Operating system and programming environment
NewtonScript is an advanced object-oriented programming language, developed by Apple employee Walter Smith.  Some programmers complained about the $1000 cost of the Toolbox programming environment. Additionally, it required learning a new way of programming.

Newton technology after cancellation

Before the Newton project was canceled, it was "spun off" into an Apple wholly owned subsidiary company, Newton, Inc. 

Speculation continued for several years that Apple might release a new PDA with some Newton technology or collaborate with Palm. Feeding a bit of speculation, Apple put the "Print Recognizer" part of the Newton 2.1 handwriting recognition system into Mac OS X v10.2 (known as "Jaguar"). It can be used with graphics tablets to seamlessly input handwritten printed text anywhere there was an insertion point on the screen. This technology, known as "Inkwell", appears in the System Preferences whenever a tablet input device is plugged in. Larry Yaeger was the author of the original Rosetta recognizer on the Newton, and was also responsible for porting it to Mac OS X.

At an All Things Digital conference in 2004, Steve Jobs made reference to a new "Apple PDA" which the company had developed but had decided not to bring to market.

Newton emulation
Since 2004, the Einstein Project has been working on emulating the Newton for use as an alternative OS on other platforms.
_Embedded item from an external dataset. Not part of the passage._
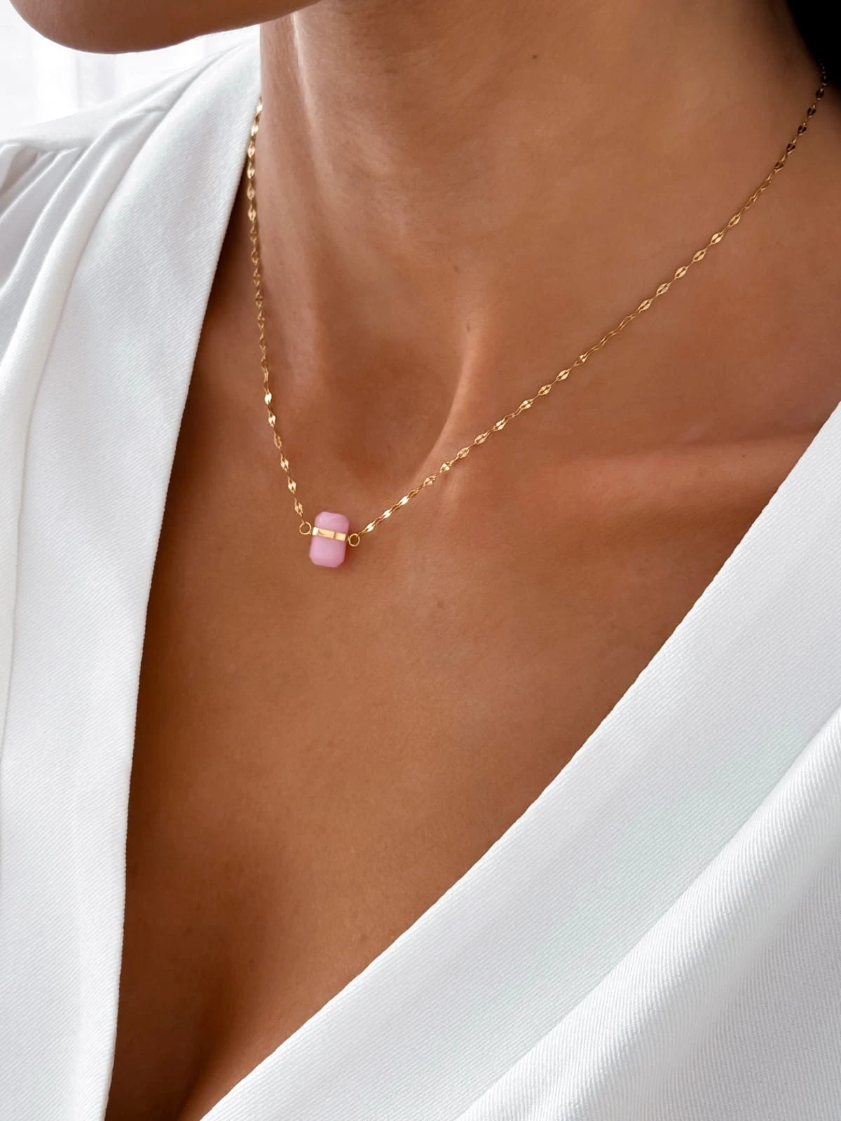 Łańcuszek z kryształkiem KWARC RÓŻOWY / kamień miłości

It is currently available for the Sharp Zaurus, Apple's Mac OS X, Nokia Maemo, Microsoft Windows, and the Pepper Pad 3. The emulator is an open source project, but requires an original Newton ROM to be installed in order to function. iPhones and iPads run Einstein since September 2010. The Android operating system runs Einstein since March 2011.

Future
A possible Newton revival was at one time a common source of speculation among the Macintosh user base. Patent applications were issued for a tablet based Macintosh. 

In September 2009, Michael Tchao, who pitched the original Newton concept to John Sculley, returned to Apple. Michael Tchao is now the VP of iPad Product Marketing.

Development
Programs have been written for the Newton since its cancellation, including an RSS reader.

In popular culture
The Apple Newton and its poor handwriting recognition was lampooned on the episode of The Simpsons titled "Lisa on Ice" in 1994.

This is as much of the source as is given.